WORK REQUEST |
Repeat exactly the lines of the records below, starting at the line containing "Couettes microfibre et" and ending at the line containing "Cute Cartoon Ethnic". Leave the pictures out.

ENTRIES SUPPLIED |
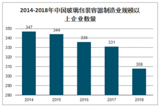 2018年,我国玻璃包装容器制造行业规模以上企业(年营业收入2000万元及以上全部工业法人企业)有308家,较2017年减少23家。
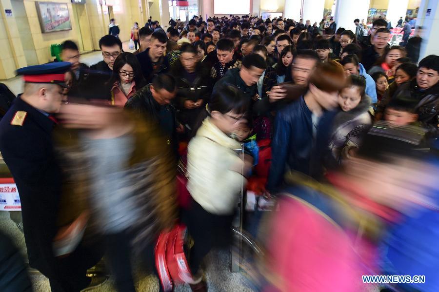 Passengers move to board a train in Heifei Railway Station in Hefei, capital of esat China's Anhui Province, Feb. 15, 2015. The Heifei Railway Station is expecting to handle 880,000 trips on Sunday, four days ahead of the Spring Festival. Taking place annually ahead of the Spring Festival holiday, the travel spree, known as "Chunyun" in Chinese, is considered the world's largest human migration, with hundreds of millions of Chinese people traveling home to reunite with family. (Xinhua/Du Yu)
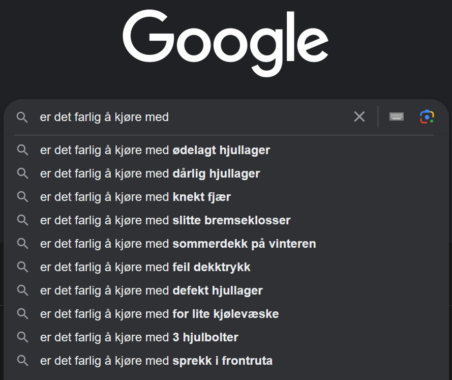 Ja, nesten alle disse er svært farlige. Her ser jeg på søkene som en håpefull søken etter bekreftelse på at man slipper å dra til bilverksted.
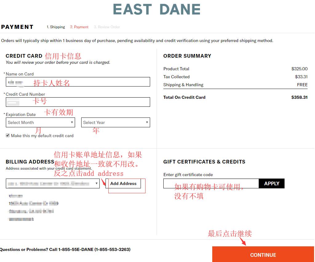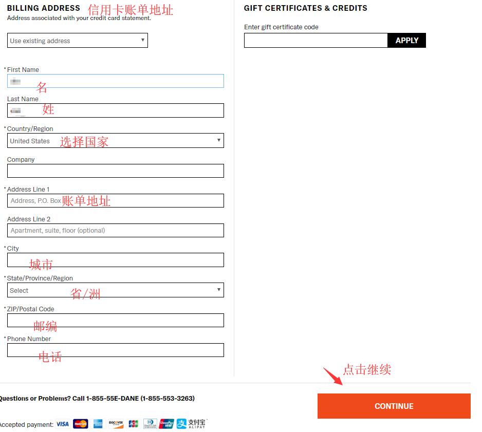 如果是转运,那么信用卡地址信息和收件地址不一致的情况,则需要点击先上面的Add Adress, 然后管理相应的信用卡账单地址信息(Billing Address), 最后点击继续
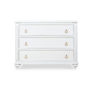 With three spacious drawers, each adorned with gold ring pulls, providing ample storage for your clothing, accessories, or household essentials. Raised on short tapered legs, the classic design makes this dresser a versatile addition to any room, whether it’s your bedroom, living room, or hallway.
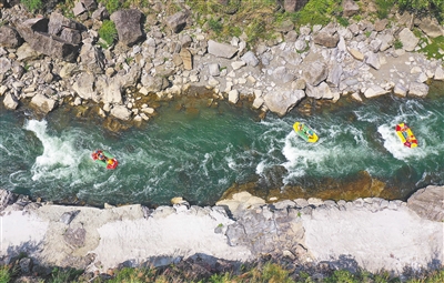 游客在贵阳市开阳县南江大峡谷景区体验漂流。
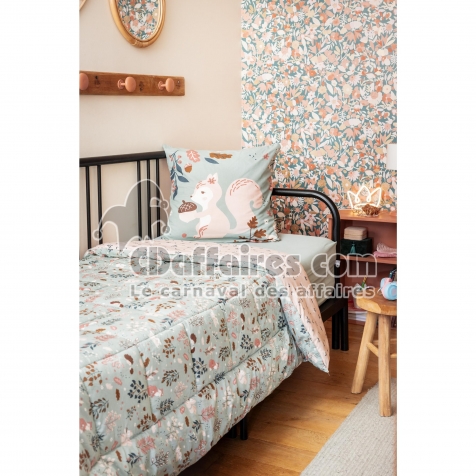 Couettes microfibre et oreillers > Très jolie couette réversible tempérée pour enfant en coton + 2 taies d'oreiller 60x60 cm dans les tons bleu et rose avec un imprimé écureuil. Cette. Taille 240 x 220 cm.
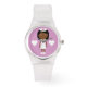 Cute Cartoon Ethnic Nurse & Hearts Pink Watch
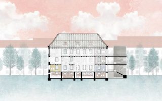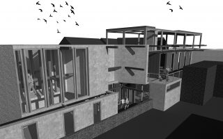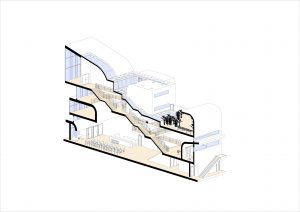 The building sits on a long and narrow site. To achieve an open and bright space I have decided to elevate the spaces vertically to have more of free plan. By doing this I can also activate the area below and provide visual connection. The interior almost detaches itself from the envelope of the site by seeking to transform and extend the perception of the site.
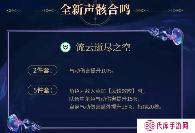 全新声骸和鸣,这次是2件套的气动+风蚀效应的,感觉应该是给风主的。
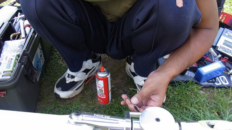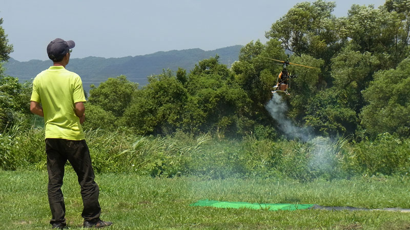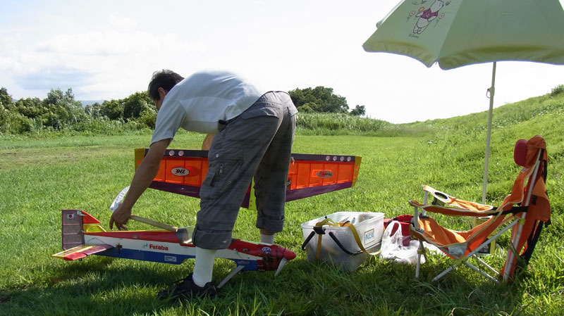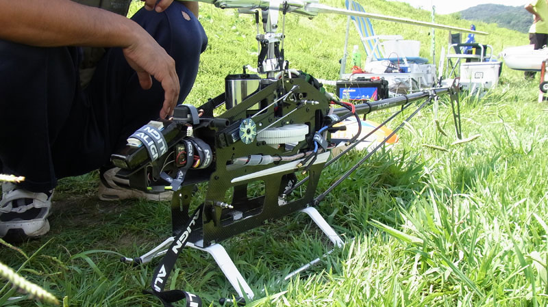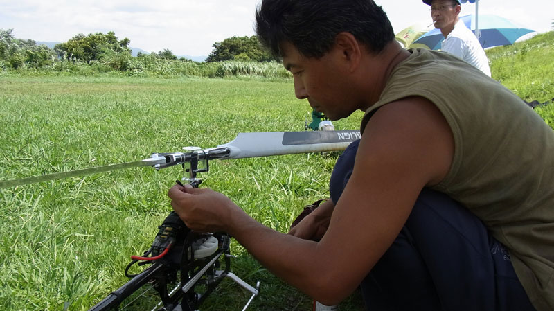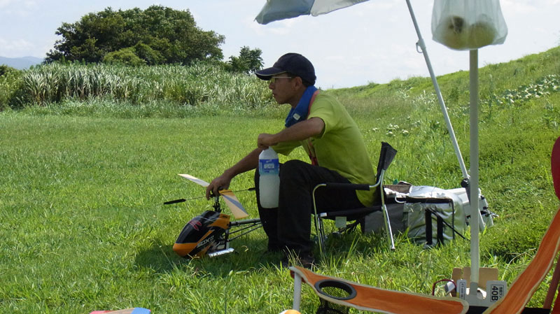 。残暑厳しいため早めにでかけました。飛行場には7時30分すぎに到着したのですが、すでに誰かがヘリをブン回しています。どうやらUさんのよう。僕は2番のりでした
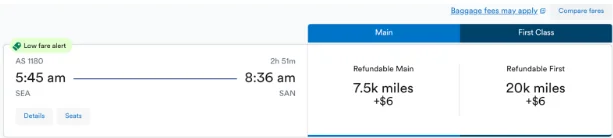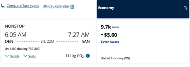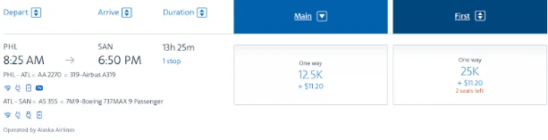 Maybe you’re a fan of collecting American Airlines miles. Flights from the East Coast can be found for as few as 12,500 miles one way in economy or 25,000 miles one way in first class, like this example of an AAdvantage miles award flight from Philadelphia to San Diego.
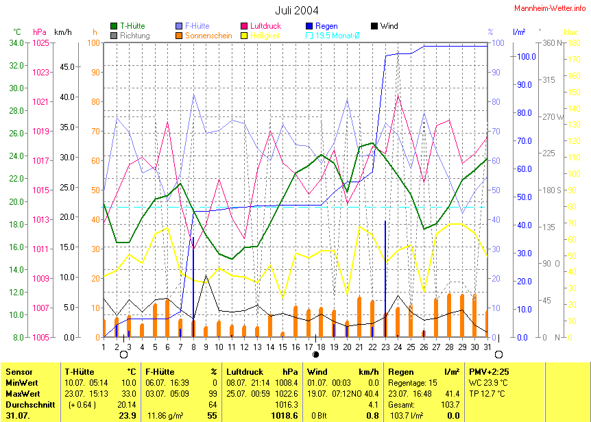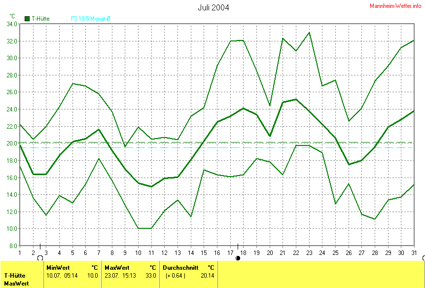 Der wärmste Tag war der 23.07.2004 um 15:13 mit 33.0°C. Am kältesten war es mit 10.0°C am 10.07.2004 um 05:14.
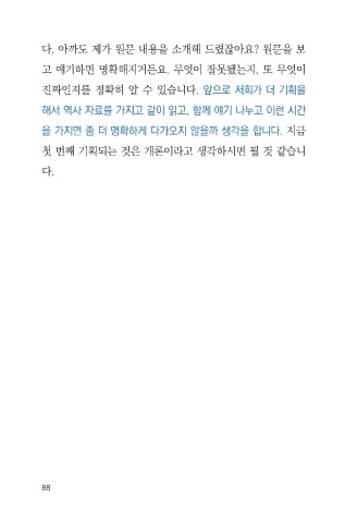 다. 아까도 제가 원문 내용을 소개해 드렸잖아요? 원문을 보 고 얘기하면 명확해지거든요. 무엇이 잘못됐는지, 또 무엇이 진짜인지를 정확히 알 수 있습니다. 앞으로 저희가 더 기획을 해서 역사 자료를 가지고 같이 읽고, 함께 얘기 나누고 이런 시간 을 가지면 좀 더 명확하게 다가오지 않을까 생각을 합니다. 지금 첫 번째 기획되는 것은 개론이라고 생각하시면 될 것 같습니 다. 88 어서와 6강.indd 88 2021-10-18 11:52:45
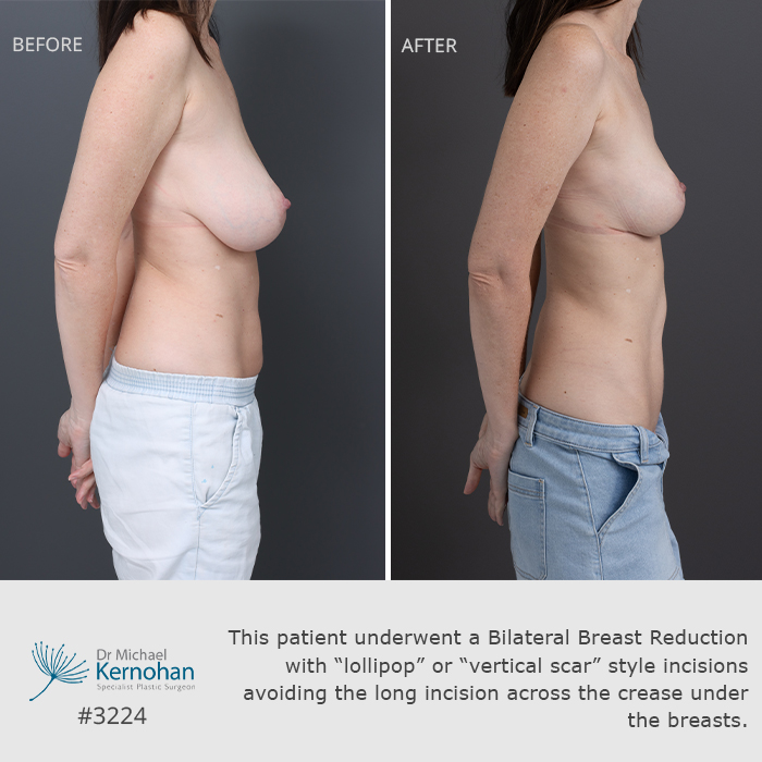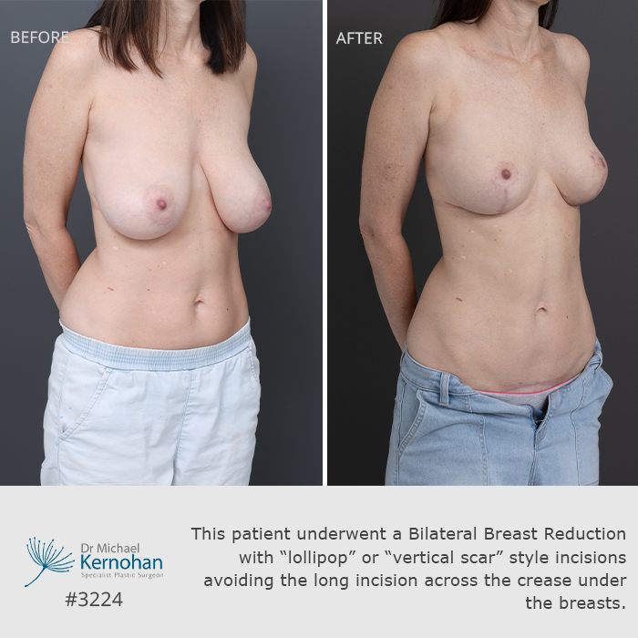 This patient underwent a Bilateral Breast Reduction with “lollipop” or “vertical scar” style incisions avoiding the long incision across the crease under the breasts. This is called the “Hall-Findlay” technique after a famous Canadian female surgeon. It offers natural shape, elevation of the base of the breast and less scarring. It is not suitable for every patient.
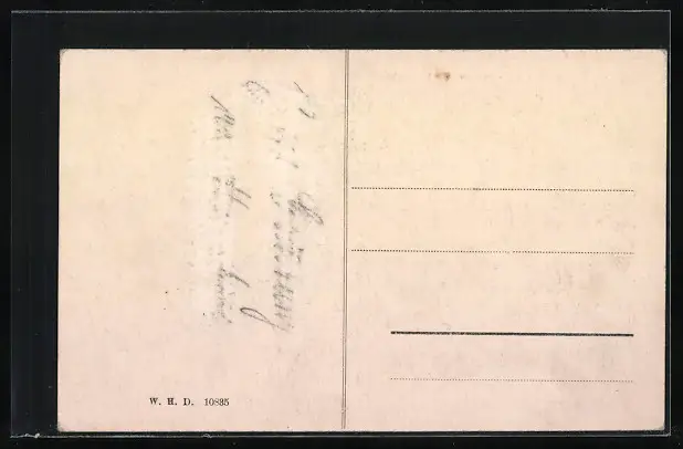 Personenbezogene Daten auf der Rückseite der Karte wurden durch blauen Textmarker unkenntlich gemacht. Die blauen Stellen sind auf die Vorderseite durchgeweicht und wirken sich negativ auf das Postkartenfoto aus
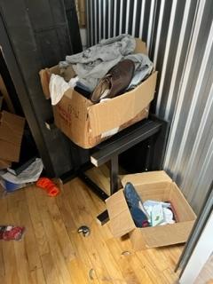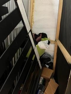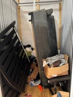 This unit appears to contain…Appears to contain: Couch, Bed Frame, Nightstands, Tables, Plastic Containers, Miscellaneous Boxes, Clothing
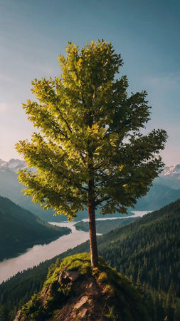 A lone coniferous tree stands majestically atop a rocky outcrop surrounded by lush mountains in the early morning light
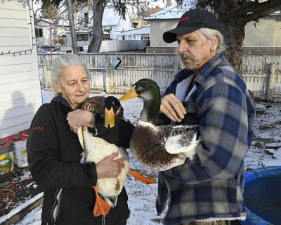 Joe Manio Lethbridge Herald Local Journalism Initiative Reporter Life is ducky once again for pet ducks Chasey and Chicken after running “afowl” of the law. The pair were in danger of being evicted from their home on the corner of 12 Street and 6 Avenue North where they live with retirees Laurel and Mitch VanDyk.
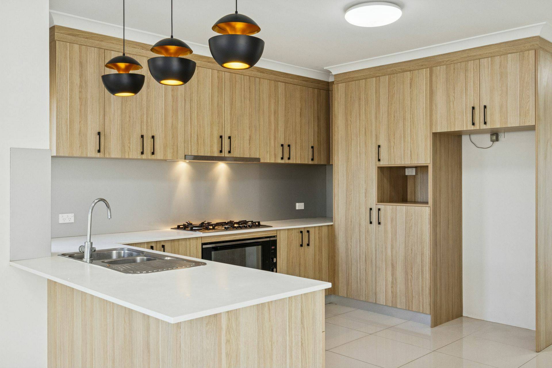 * Designer kitchen with stone benchtops, 900mm appliances & overhead cabinetry
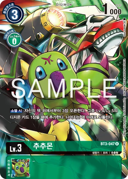 消滅時自分のデッキの上から3枚オープンする。その中のLv.4かLv.5のデジモンカード1枚を手札に加える。残ったカードは好きな順番でデッキの下に戻す。
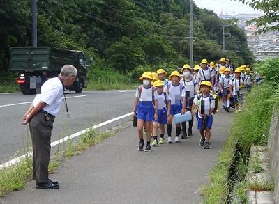 本校で力を入れていることの一つに「元気なあいさつ」があります。今日は、こころサポーターの山本さんが登校時にあいさつ運動をしてくださいました。子ども一人ひとりと目を合わせてあいさつをしてくれています。子どもたちもしっかりあいさつができていました。

RESPONSE BOX |
 Couettes microfibre et oreillers > Très jolie couette réversible tempérée pour enfant en coton + 2 taies d'oreiller 60x60 cm dans les tons bleu et rose avec un imprimé écureuil. Cette. Taille 240 x 220 cm.
 Cute Cartoon Ethnic Nurse & Hearts Pink Watch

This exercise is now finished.